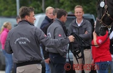 Ca. 150 heste (mesterskabsheste, samt de heste, der skal deltage i CSI-klasserne) var i dag igennem tjek, og alle heste klarede skærende. Enkelte heste måtte dog en tur rundt om holding-boksen og tjekkes en ekstra gang inden de kunne godkendes. Blandt de heste, der måtte i holding-boks var bl.a. den olympiske mester Steve Guerdats 1. hest, Nino des Buissonnets – men den brune vallak blev godkendt i 2. omgang og det schweiziske hold kunne draget et lettet suk.
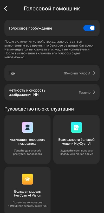 Настройки голосового помощника. Работает помощник, кстати, очень неплохо, только уж очень говорливый.
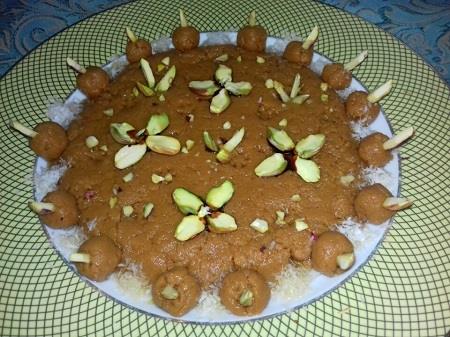 آرد را الک کرده با روغن مخلوط می کنیم و در تابه ای روی حرارت ملایم قرار می دهیم، تفت می دهیم تا به رنگ دلخواهمان برسد. شیر عسلی را هم می توان با شیر و هم از طریق قرار دادن بر روی بخار رقیق کرد. وقتی آرد به رنگ دلخواه رسید، شیر عسلی و زعفران را اضافه می کنیم و بر روی حرارت تا زمانیکه شیر عسلی جذب آرد شود، مواد را هم میزنیم.
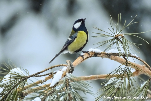 Синица в лесу зимой
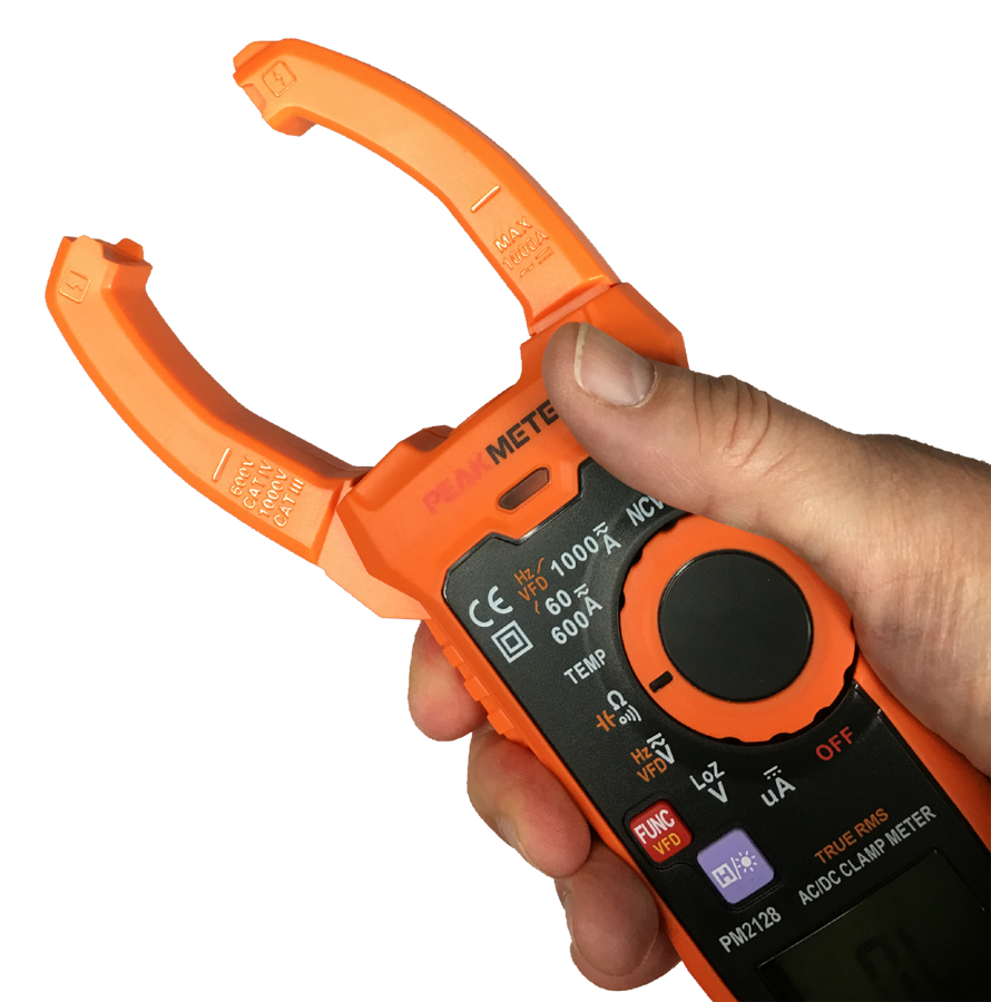 - Pomiar częstotliwości poprzez cęgi (A) lub przewodami (V)
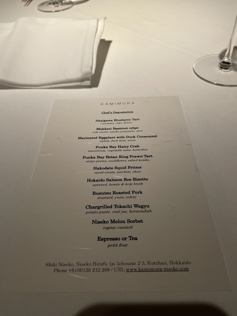 - KAMIMURA–位於Niseko的一星餐廳,價格價高但食材豐富,每道菜都有不同的味道,雞、鴨、豬、和牛、海鮮全都融入到菜色裡,加上精緻的擺盤,很適合旅程中找一天去浪漫與享受。

____

> _Exercise_:
Beginning with the line that contains "Синица в лесу зимой" and ending with the last line of the data above, output those lines exactly and nothing more, without any pictures.

> _Exercise solution_:
 Синица в лесу зимой
 - Pomiar częstotliwości poprzez cęgi (A) lub przewodami (V)
 - KAMIMURA–位於Niseko的一星餐廳,價格價高但食材豐富,每道菜都有不同的味道,雞、鴨、豬、和牛、海鮮全都融入到菜色裡,加上精緻的擺盤,很適合旅程中找一天去浪漫與享受。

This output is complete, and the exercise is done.